Targeting DAM for Treatment

• Antibody-based TREM2 activation
• Small molecule TREM2 modulators
• Currently in clinical development for AD

• Microglial inhibition (e.g., colony-stimulating factor 1 receptor inhibitors)
• Selective cytokine blockade
• Pro-resolving lipid mediators

• Enhancing Aβ clearance without overactivation
• Promoting efficient debris removal

• Mitochondrial function support
• Lipid metabolism normalization

Clinical Trials

Several approaches targeting microglial pathways are in clinical trials:

• Anti-TREM2 antibodies (gantenerumab, etc.)
• CSF1R antagonists (peunacimod)
• Tyrphostin inhibitors (BL-9450)

See Also

• [Microglia](/cell-types/microglia)
• [Alzheimer's Disease](/diseases/alzheimers-disease)
• [Parkinson's Disease](/diseases/parkinsons-disease)
• [TREM2](/genes/trem2)
• [APOE](/proteins/apoe)
• [Neuroinflammation](/mechanisms/neuroinflammation-pathway)
• [Neurodegeneration-Associated Microglia

• [Alzheimer's Association - microglia research](https://www.alz.org/) - Research updates
• [Michael J. Fox Foundation - inflammation in PD](https://www.michaeljfox.org/) - Research information
• [PubMed - TREM2 microglia](https://pubmed.ncbi.nlm.nih.gov/?term=TREM2+microglia+Alzheimer) - Literature search

Background

The study of Disease Associated Microglia (Dam) has evolved significantly over the past decades.
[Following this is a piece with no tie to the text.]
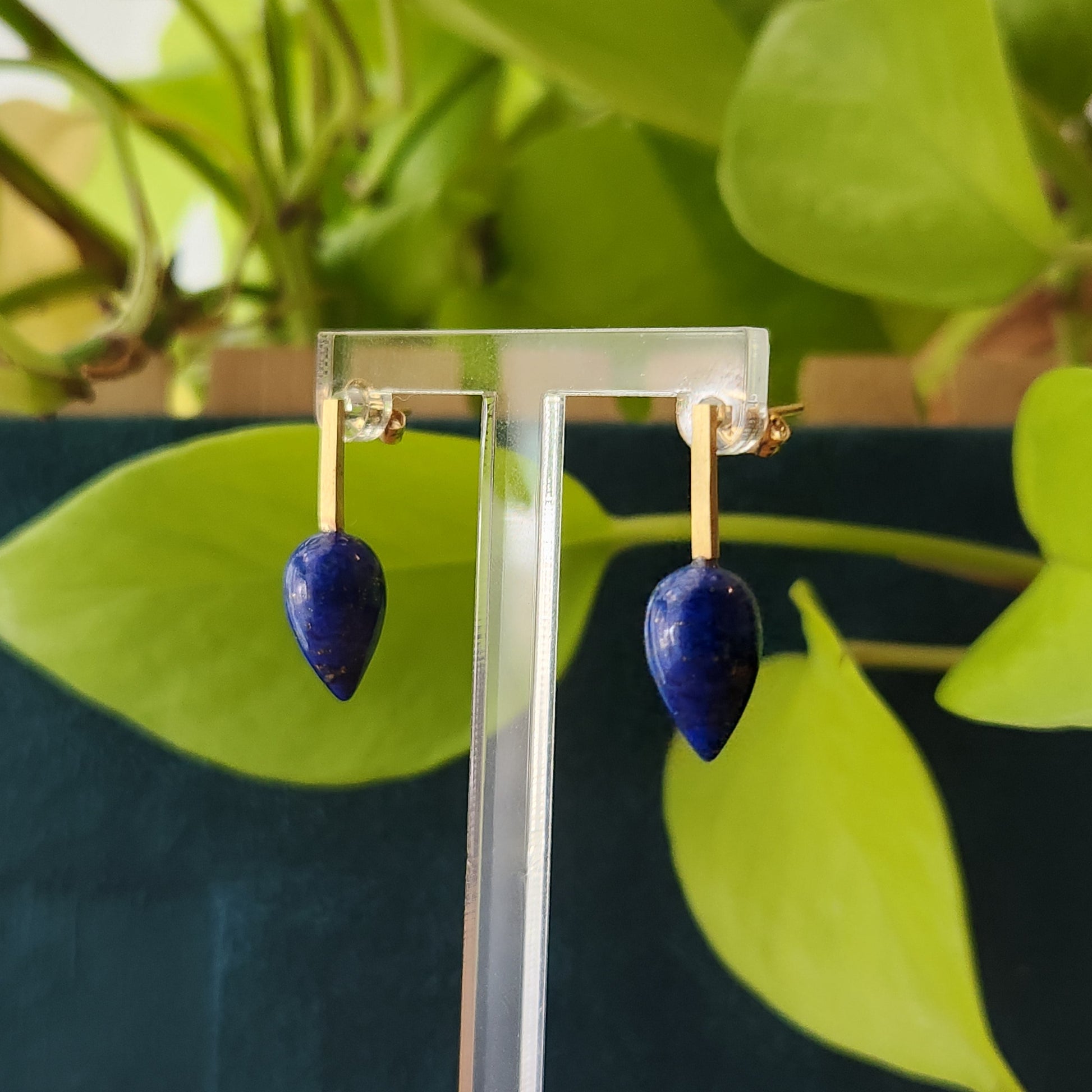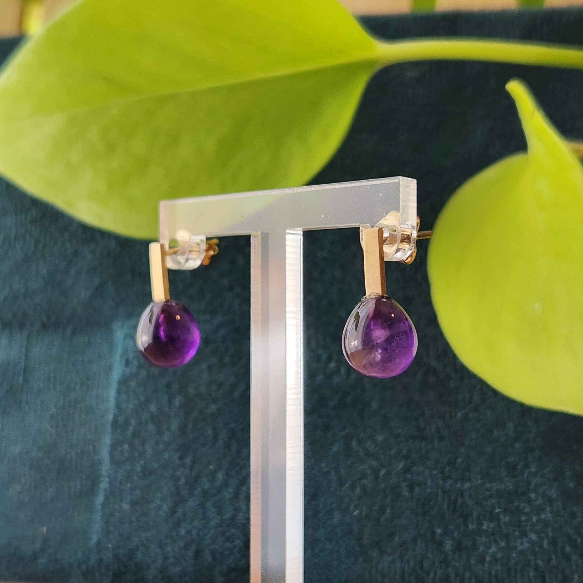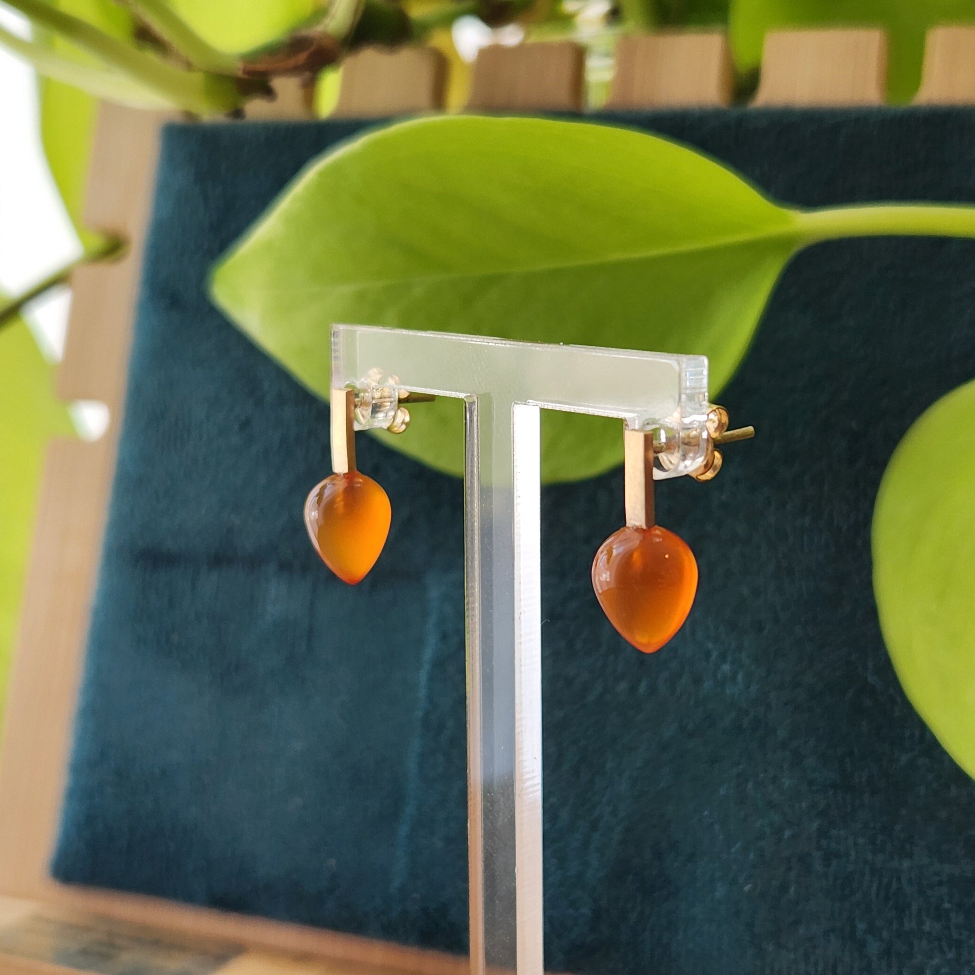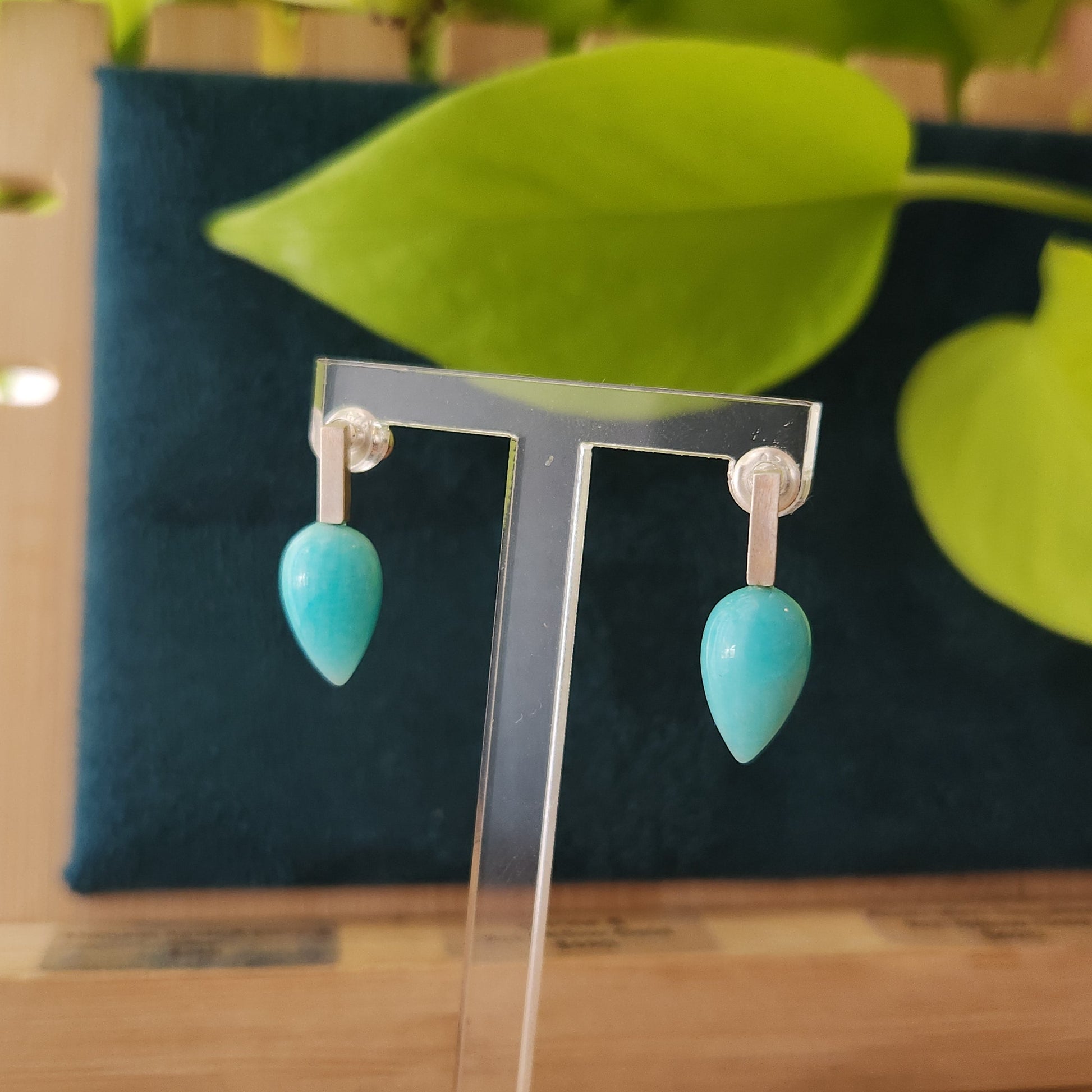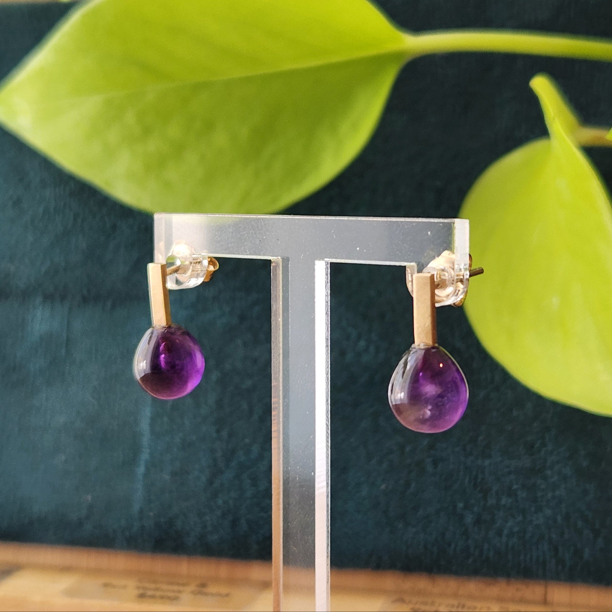 The Granville Studs take their name from the vistas of British Columbia, and their style from the mid century aesthetic that informs much of Mill Foundry's work. Featuring gemstones suspended from a satin finished, wire bar with a stud post and butterfly. These studs are simple, elegant and just the pop of colour required to brighten up any outfit.

Research in this area has revealed important insights into the underlying mechanisms of neurodegeneration and continues to drive therapeutic development.

Historical context and key discoveries in this field have shaped our current understanding and will continue to guide future research directions.